A 51-year-old female with a history of ESRD secondary to ADPKD had been receiving hemodialysis (HD) for several years. She was relatively stable on hemodialysis; however, she was usually noted to have bilateral lower limb edema despite having clear chest sounds. The usual thought process was that her target EDW needed to be changed, and more ultrafiltrate needed to be removed. However, every time we tried, her edema persisted.

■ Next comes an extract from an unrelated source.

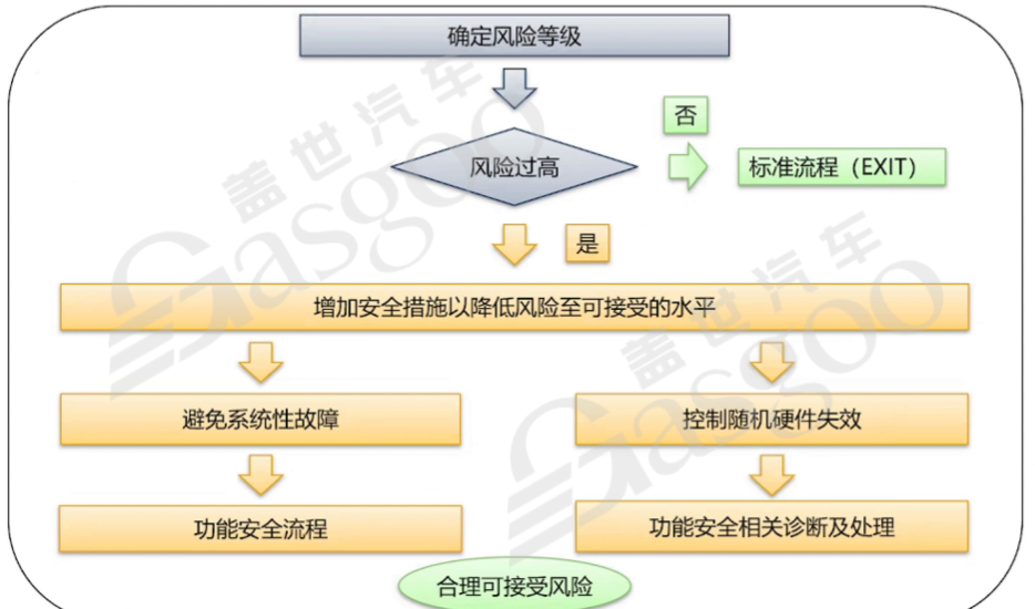 功能安全的方法论是一套工程化思路,旨在实现上述定义的目标。首先确定分析对象的风险等级。若风险过高,则进入功能安全开发体系,增加安全措施以降低风险至可接受水平;若风险处于可接受范围,则按标准流程进行。

On abdominal examination, we found a distended abdomen.There was suspicion that this might be related to IVC compression. A bedside ultrasound showed large kidneys, leading to the decision to proceed with a CT scan of the abdomen. The CT scan revealed bilateral enlarged kidneys (left: 22x22x12 cm, right:29x19x12 cm) with evidence of IVC compression secondary to mass effect.
She was referred to the urology team, who performed bilateral nephrectomies. Her symptoms improved tremendously postoperatively, and she is currently undergoing HD with no active complaints.

Discussion

ADPKD remains one of the leading causes of kidney failure. If the kidneys are large enough, they can cause symptoms related to the mass effect. Symptoms related to mass effect compression against surrounding organs are not uncommon. It can compress vascular structures, leading to symptoms of ischemia if compressing the aorta, or symptoms of IVC distention. IVC compression symptoms are mainly related to lower circulatory venous congestion, which can cause edema, congestion, and discomfort. A point of interest is when it causes these symptoms in patients who are in ESRD, making it difficult to judge their volume status. The incidence of IVC compression in ADPKD is not well established, but removal of kidneys appears to result in symptomatic relief.